■ RAW DATA:

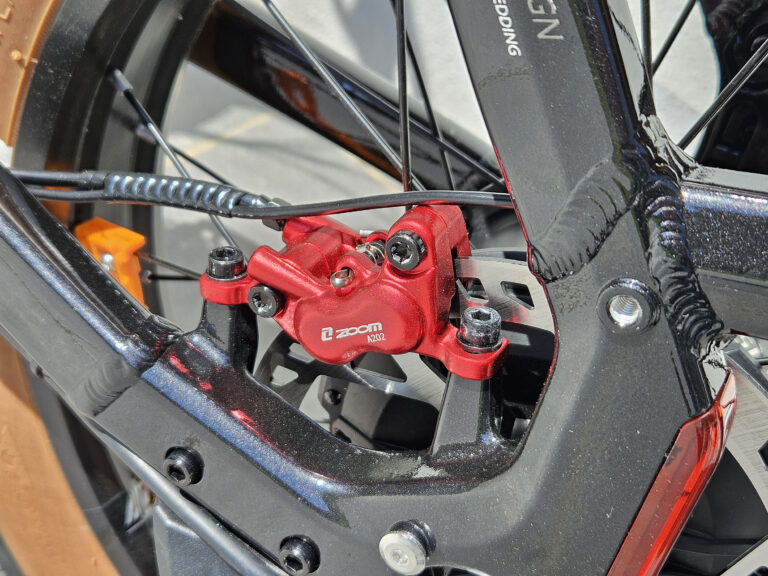 Le vélo est équipé de freins à disque hydrauliques de la marque Zoom. Je pense qu'il s'agit des mêmes freins que sur les autres modèles que j'ai testés. Si c'est le cas, ils auront sans les mêmes forces et faiblesses. Le frein arrière n'est sans doute pas assez puissant pour arrêter le vélo rapidement, il faudra sûrement utiliser les deux freins pour un freinage vraiment efficace. Je vais également vérifier ce point pendant mon test sur route.
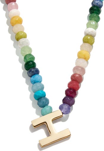 Faceted beads in rainbow hues energize a personalized necklace anchored with a gleaming initial pendant.
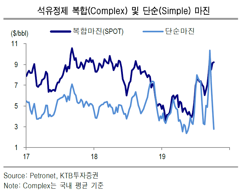 이희철 연구원은 “최근 역내 정유 시장은 수급이 타이트한 상황”이라며 “사우디 석유시설 피습 이후 정유사 가동중단 영향 등으로 석유 제품 공급이 줄어든 가운데 9~11월 사이 인도, 중동, 동남아 등에서 가을철 정기보수가 집중되고 있기 때문”이라고 말했다.
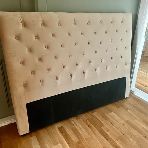 Sänggavel från Englesson i mörkblå sammet med nitar. Passar till en 180 cm säng.
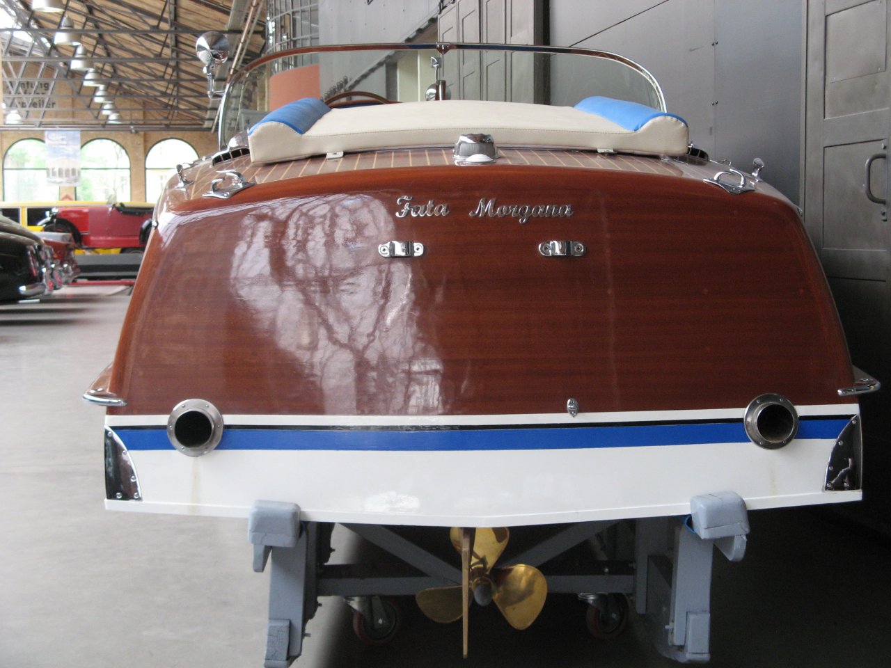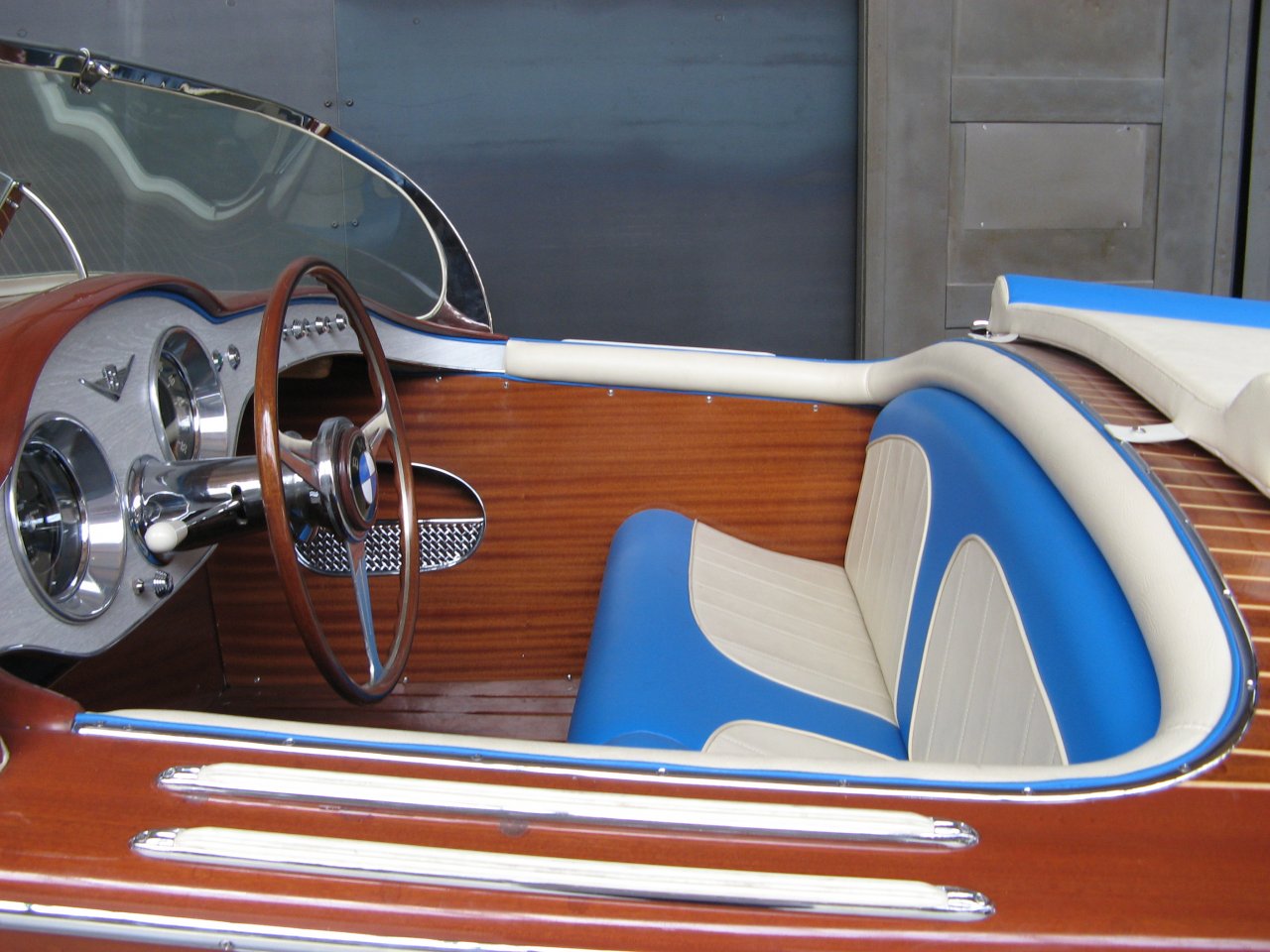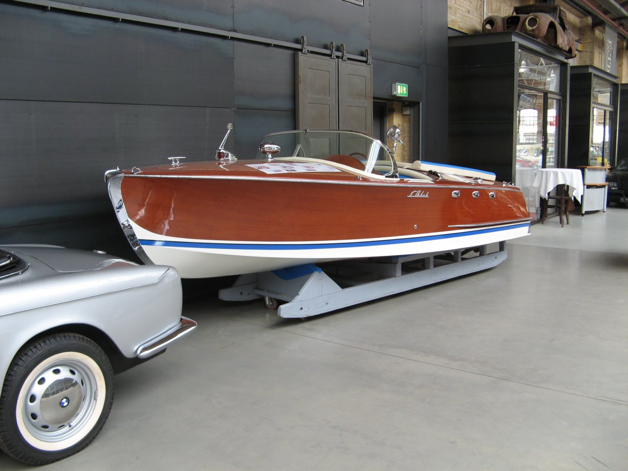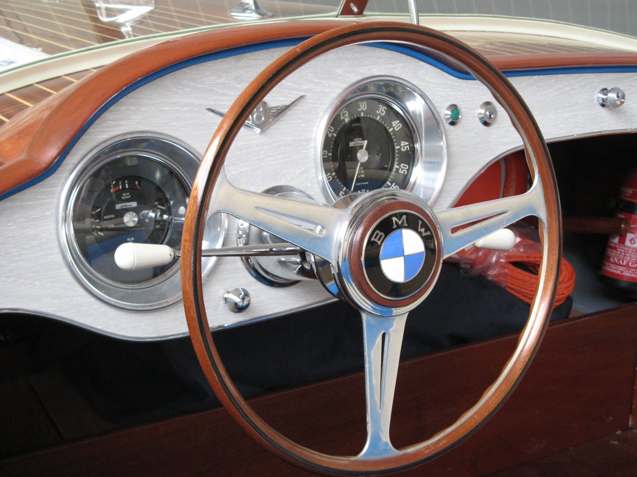Und nun noch etwas schönes für's geschundene Auge. Ein sehr schönes Holzboot eines mir unbekannte Herstellers. Das Herz ist ein 3,2l-BMW-V8, der u.a. auch in den Modellen 503 und 507 zum Einsatz kam.

■ EXERCISE BRIEF: Write out again exactly the lines above from the one with "Faceted beads in" through the one with "Sänggavel från Englesson", adding no other lines and no pictures.

■ THE COMPLETED TASK:
 Faceted beads in rainbow hues energize a personalized necklace anchored with a gleaming initial pendant.
 이희철 연구원은 “최근 역내 정유 시장은 수급이 타이트한 상황”이라며 “사우디 석유시설 피습 이후 정유사 가동중단 영향 등으로 석유 제품 공급이 줄어든 가운데 9~11월 사이 인도, 중동, 동남아 등에서 가을철 정기보수가 집중되고 있기 때문”이라고 말했다.
 Sänggavel från Englesson i mörkblå sammet med nitar. Passar till en 180 cm säng.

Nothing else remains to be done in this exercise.